This was the expression on my face after reading Caryl Churchill's Far Away;
a slight panic, the sense that something is being swept away and the rather sharp taste at the back of my throat (which was actually carbonated apple juice, but that's just the point, apple wasn't made to be CARBONATED, and nor was the world made to be destroyed like in Churchill's disturbing narrative).
The Guardian on Far Away:
"we sleepwalk towards a future in which governments have played on terror to make us fear ourselves and in which resource wars set country against country."
Doesn't seem much unlike the present to me.
If you've never read any Caryl Churchill, or like reading different writer's visions of a distopian future, I definitely recommend this piece.
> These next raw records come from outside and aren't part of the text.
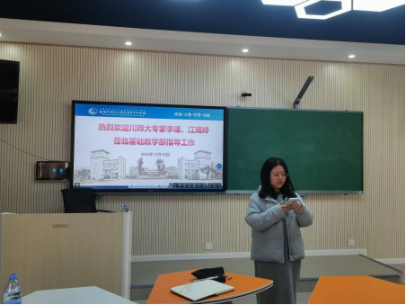 2024年12月10日,四川师范大学服装与设计艺术学院党委副书记李瑾、工作室成员江雨婷一行到我校开展辅导员工作室建设经验交流活动,帮助建设“红烛”辅导员工作室。基础教学部学工负责人李剑锋,系部教师及“红烛”工作室全体成员参加活动。
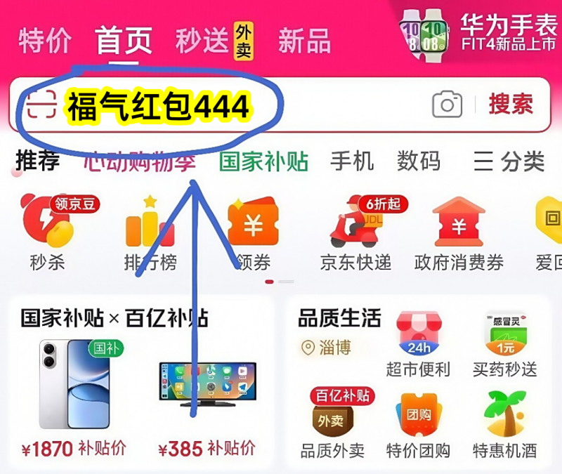 核心通道:打開手機京東APP,在搜索框輸入指定口令即可進入活動頁面。基礎口令為【福氣紅包444】,每天嘗試不同口令可獲取更多優惠機會。
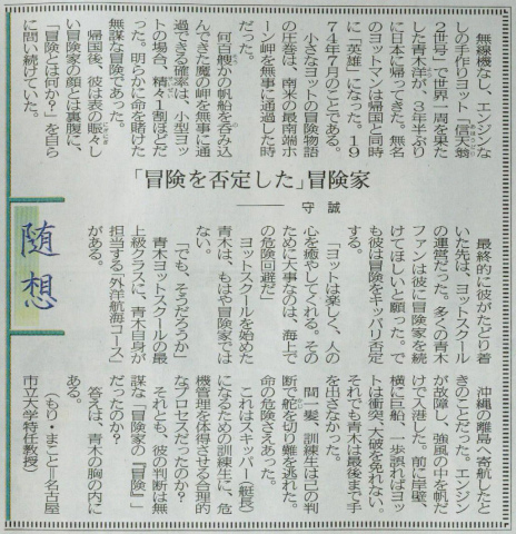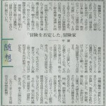 2010年7月2日、神戸新聞(夕刊) 随想『「冒険を否定した」冒険家』(守誠=名古屋市立大学)に青木洋が紹介されました。是非ご覧下さい。
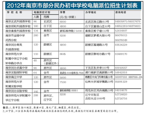 2012年南京市部分民办初中学校电脑派位招生计划表
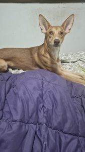Es de tamaño mediana (no es grande), cruce de podenco con lobo herreño, una combinacion única que la hace aún mas especial
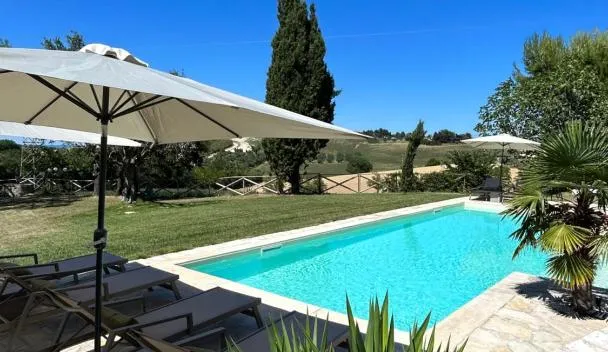 Ofreciendo vista al jardín, Casa Civetta en Castel Colonna tiene hospedaje, una alberca al aire libre por temporada, un jardín, una terraza, un bar y instalaciones para parrilladas.
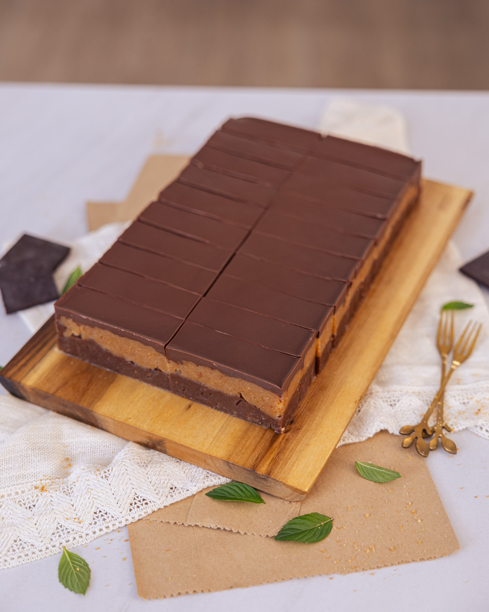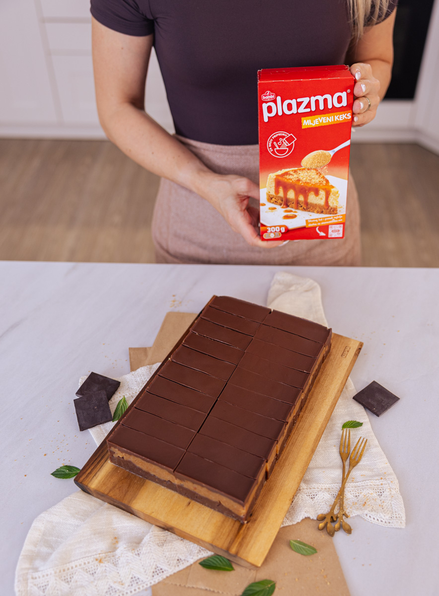 Postavimo v hladilnik, da se dobro ohladi in strdi. Nato narežemo na kocke ali pravokotnike in postrežemo.
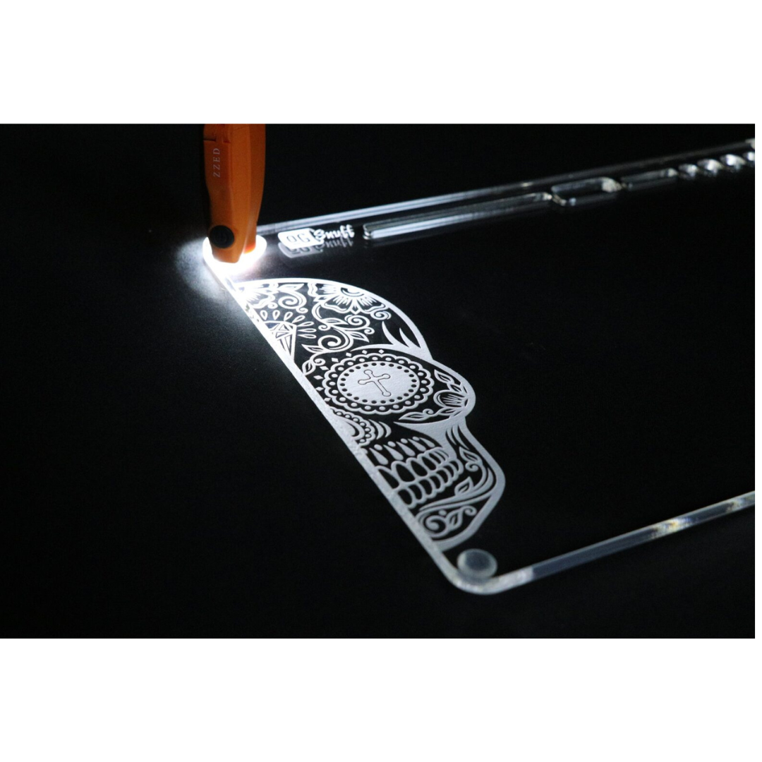 Hugely popular Day of the dead design seen on a limited run board, now moved over to or largest rolling tray, brought to life further by adding a torch light via the build in reflective pad!

I'm going to see if it's possible to shoehorn into my A Level performance exam...
Here's a couple of quotes I really liked...
Harper(on butterflies)
They can cover your face. The Romans used to commit suicide with gold leaf, just flip it down their throat and it covered their windpipe, I think of that with butterflies.
Joan(on her journey home)
There were piles of bodies and if you stopped to find out there was one killed by coffee or one killed by pins, they were killed by heroin, petrol, chainsaws, hairspray, bleach, foxgloves...
There's thousands dead of light in Madagascar...
Who's going to mobilise darkness and silence? That's what I wondered in the night.